News 11 June 2023 - simon-oz/Weekly-AI-news GitHub Wiki

OpenAI see traffic soar to Billion mark, achieved a total 847 million user access in March 2023.
Video-LLaMA, a multi-modal framework that empowers Large Language Models (LLMs) with the capability of understanding both visual and auditory content in the video. Video-LLaMA showcases the ability to perceive and comprehend video content, generating meaningful responses that are grounded in the visual and auditory information presented in the videos.
InstructZero, is an efficient instruction optimization method for black-box large language models by optimizing a low-dimensional soft prompt applied to an open-source LLM to generate the instruction for the black-box LLM.
Git-Theta is a Git extension that aims to provide similar functionality for machine learning model checkpoints by efficiently and meaningfully track a model's version history natively through Git. Link to the project
A github project named roop is recently released. It allows anyone to take a video and replace the face in it with a face of your choice. You only need one image of the desired face. No dataset, no training.
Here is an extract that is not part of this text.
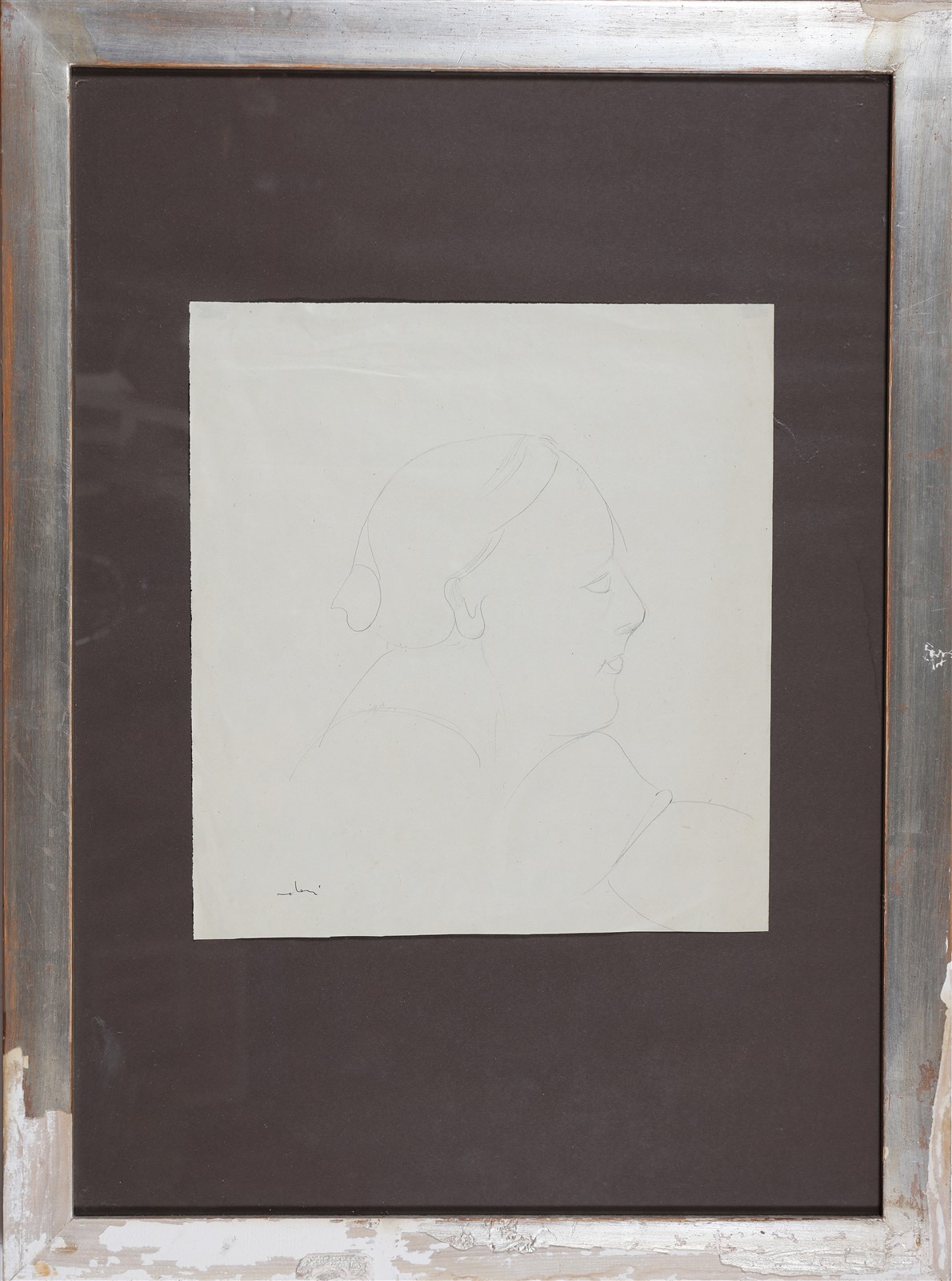 MELONI GINO (1905 - 1989) Volto maschile. Matita su carta. Cm 35,00 x 38,00. Firma in basso a sinistra. Cornice presente

Facebook published a paper introducing MusicGen, which can generate high-quality samples, while being conditioned on textual description or melodic features, allowing better controls over the generated output.
SpQR- Sparse-Quantized Representation, is a new compressed format and quantization technique which enables for the first time near-lossless compression of LLMs across model scales, while reaching similar compression levels to previous methods. Require GPU VRAM > 32GB.
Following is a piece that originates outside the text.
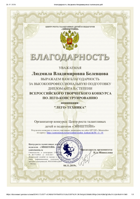 БЕЛЕВЦОВА ЛЮДМИЛА ВЛАДИМИРОВНА

MAN - Matting Anything Model, can estimate the alpha matte of any target instance with user prompts as boxes, points, or text descriptions for interactive use by incorporating SAM. It further reaches comparable performance to the specialized matting models on multiple benchmarks, and shows superior generalization ability with fewer parameters as a unified image matting model.
Video-ChatGPT, is a multimodal model that merges a video-adapted visual encoder with a LLM. The model is capable of understanding and generating human-like conversations about videos. Try it here.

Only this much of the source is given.